* [Exercise material]
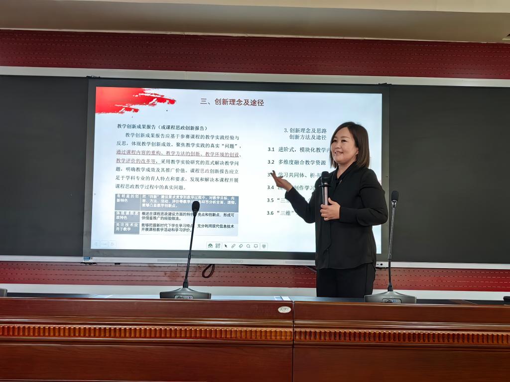 本次教學沙龍緊緊圍繞課程教學創新這一主線,首先由2023年度自治區高校教學創新大賽獲獎教師,新聞傳媒學院烏蘭副教授和外國語學院海拉博士先后結合參加區級比賽經歷,從課程痛點的分析、課程內容的重構、教學方法的創新、教學環境的創設、教學評價的改革、教學資源的建設和團隊攻關的策略等方面進行了詳細匯報。
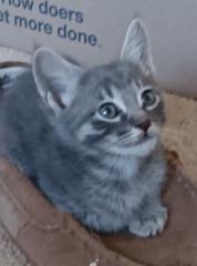 Harper is a cutie who looks like she knows how to get into trouble. Harper is the boldest of the litter and extremely playful! She is known as the "leader of the pack." She is a gray tabby with white eyeliner.
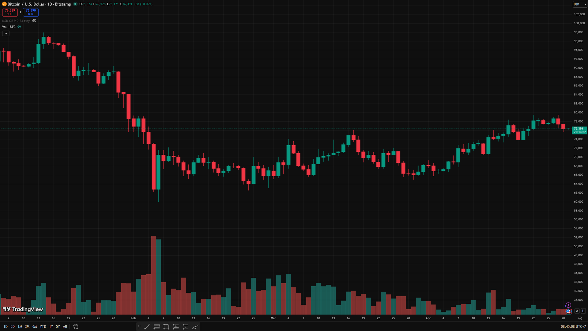 Biểu đồ giá theo ngày của BTC tính đến 29/4 - Ảnh: TradingView/Bitstamp.
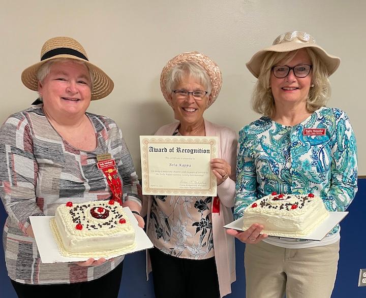 Beta Kappa Chapter celebrated its 75th birthday by wearing hats reminiscent of the 40's. Chapter members celebrated with two birthday cakes and recognized members celebrating their milestone years with certificates. Coleen Lumpkin was recognized for 50 years as a member.
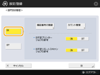 本機に登録したユーザーに部門IDが設定されているか確認してください。ローカルデバイスにユーザー情報を登録する 部門別ID管理はローカルデバイスに登録されたユーザーのみ有効です。 Administrator権限を持つユーザーでログインすると、システム管理者IDと暗証番号が自動的に付与され、部門IDとして管理されます。 コピーカードリーダーで部門別ID管理をしている場合は、カードに割り当てられた部門IDを使用します。このため、部門IDの登録はできません。 |

* [What is expected]
From the line containing "Harper is a" through the final line of the listing above, reproduce every line exactly, with no pictures.

* [Task response]
 Harper is a cutie who looks like she knows how to get into trouble. Harper is the boldest of the litter and extremely playful! She is known as the "leader of the pack." She is a gray tabby with white eyeliner.
 Biểu đồ giá theo ngày của BTC tính đến 29/4 - Ảnh: TradingView/Bitstamp.
 Beta Kappa Chapter celebrated its 75th birthday by wearing hats reminiscent of the 40's. Chapter members celebrated with two birthday cakes and recognized members celebrating their milestone years with certificates. Coleen Lumpkin was recognized for 50 years as a member.
 本機に登録したユーザーに部門IDが設定されているか確認してください。ローカルデバイスにユーザー情報を登録する 部門別ID管理はローカルデバイスに登録されたユーザーのみ有効です。 Administrator権限を持つユーザーでログインすると、システム管理者IDと暗証番号が自動的に付与され、部門IDとして管理されます。 コピーカードリーダーで部門別ID管理をしている場合は、カードに割り当てられた部門IDを使用します。このため、部門IDの登録はできません。 |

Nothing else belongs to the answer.